Farms that attract young people will need to be profitable. They will need to substitute modern technology and managerial acumen for the short hoe and back-breaking labour. Neither existing farmers nor potential young entrants to the job market can accomplish the transformation from traditional to modern farming on their own – the public and private sectors have major roles to play. With investments in agricultural science, better flows of information to and from farms, easier intergenerational transfer of land, and opportunities for the private sector to thrive in rural areas, agriculture can deliver growth, prosperity, and jobs, particularly in south of the Sahara. Yet the potential of agriculture will not be realized automatically. Without a major change in agricultural policy and public investment, the best opportunities for creating a financially secure future for millions of today’s rural young people will be forfeited at enormous cost to them and society.

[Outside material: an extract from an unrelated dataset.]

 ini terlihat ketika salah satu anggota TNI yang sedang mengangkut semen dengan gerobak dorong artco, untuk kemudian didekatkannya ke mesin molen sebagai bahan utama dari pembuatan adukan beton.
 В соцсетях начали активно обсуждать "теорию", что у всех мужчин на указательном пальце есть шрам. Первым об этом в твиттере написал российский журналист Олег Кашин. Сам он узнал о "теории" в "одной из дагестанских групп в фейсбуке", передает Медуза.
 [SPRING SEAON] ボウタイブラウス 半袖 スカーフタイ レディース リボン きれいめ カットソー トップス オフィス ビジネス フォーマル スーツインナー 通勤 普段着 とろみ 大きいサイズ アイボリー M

Changes in land use and farm size will be particularly important in stimulating change. The ability of agriculture to absorb labour will require more clarity in land rights and a higher frequency of transactions – through purchases, sales, rentals, and the re-assignment of use-rights – than is currently the case. The acquiring of African farmland by foreign investors without recognition of the rights of current users has gained much attention of late, and rightly so. Far less notice is paid to the difficulties that young people face when village elders or traditional authorities restrict their access to land. When they are unable to start new farms, young people have little choice than to crowd onto existing family plots, fragmenting farms into holdings too small to support adequate earnings or the adoption of modern farming methods.

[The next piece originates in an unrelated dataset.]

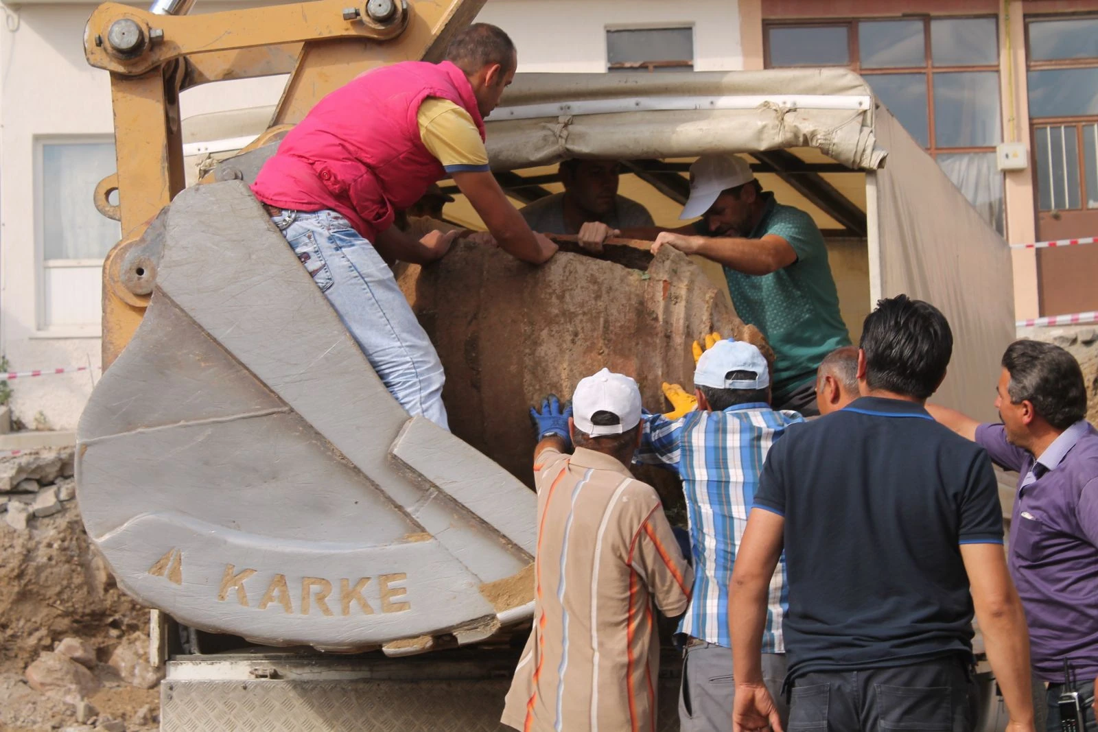 Zopturoğlu Camii hafriyat çalışmasının yapıldığı bugünlerde çalışmalar sırasında toprak altından çıkan dev küp ise görenleri heyecanlandırdı. Toprağı kazan kepçe operatörü, iş makinesinin kovasının bir cisme çarptığını fark etti. İş makinesinin motorunu durduran operatör, kepçeden inerek hafriyat alanında bulunan işçilerle birlikte küpü çıkardı. Olay yerine gelen yetkililer, yaklaşık üç insan boyunda olan küpü üstü kapalı bir arabaya yükleyerek kazı alanından uzaklaştırdı.
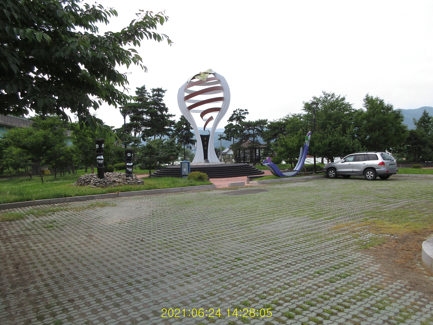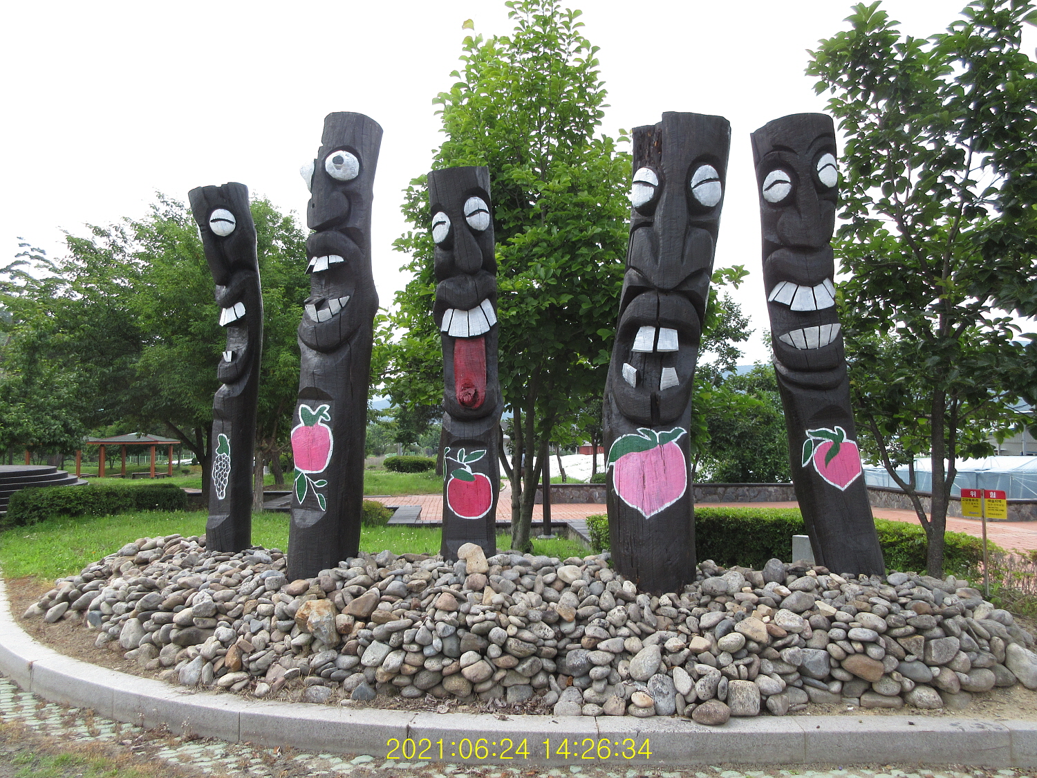 ▲ 이랑탑 (영동군의 국악과 감 포도의 형상의 조형물)

Underinvestment in agricultural science represents a further systemic barrier to the participation of young people and job creation. Although agricultural growth in south of the Sahara has been rapid by historic and global standards (at about 4% annually), little can be attributed to improved technology or the application of scientific innovations. Most growth still comes from expanded area and the addition of more labour. Even after the global spike in agricultural prices in 2007–2008 and in 2010–2011 brought renewed commitment to agriculture, public investment in national agricultural research systems has languished. Investments were allocated disproportionately into short-term measures such as fertilizer subsidies and the rehabilitation of irrigation, instead of into rebuilding Africa’s capacity in agricultural science.

African leaders have recognized in principle that transformative agricultural growth requires more investment in science and technology. In 2014, at the 23rd African Union Summit in Malabo, they pledged to implement the Science Agenda for Agriculture in Africa. Africa’s future agricultural success will need to embrace a scientific revolution that allows scientists to engage fully at the frontiers of world science and translate new developments into practical solutions. Global scientific partners, such as the Consultative Group for International Agricultural Research (CGIAR), also have much to contribute and can be even more effective as capacity within the national systems grows.

Young Africans, like their peers elsewhere, are already contributing to the 21 century’s rural transformation, finding ways to meet the challenges of current and future food security, improved nutrition, climate change, and the protection of natural resources. They do so despite underinvestment in agricultural science and technology, blocked intergenerational transfers of land, poor quality rural education, and limited access to financial services. Removing or reducing these barriers will attract more young people to agricultural careers and help those already farming to do so more successfully. The payoff in terms of success will be great – for rural communities, for countries in Africa south of the Sahara, and for young people themselves.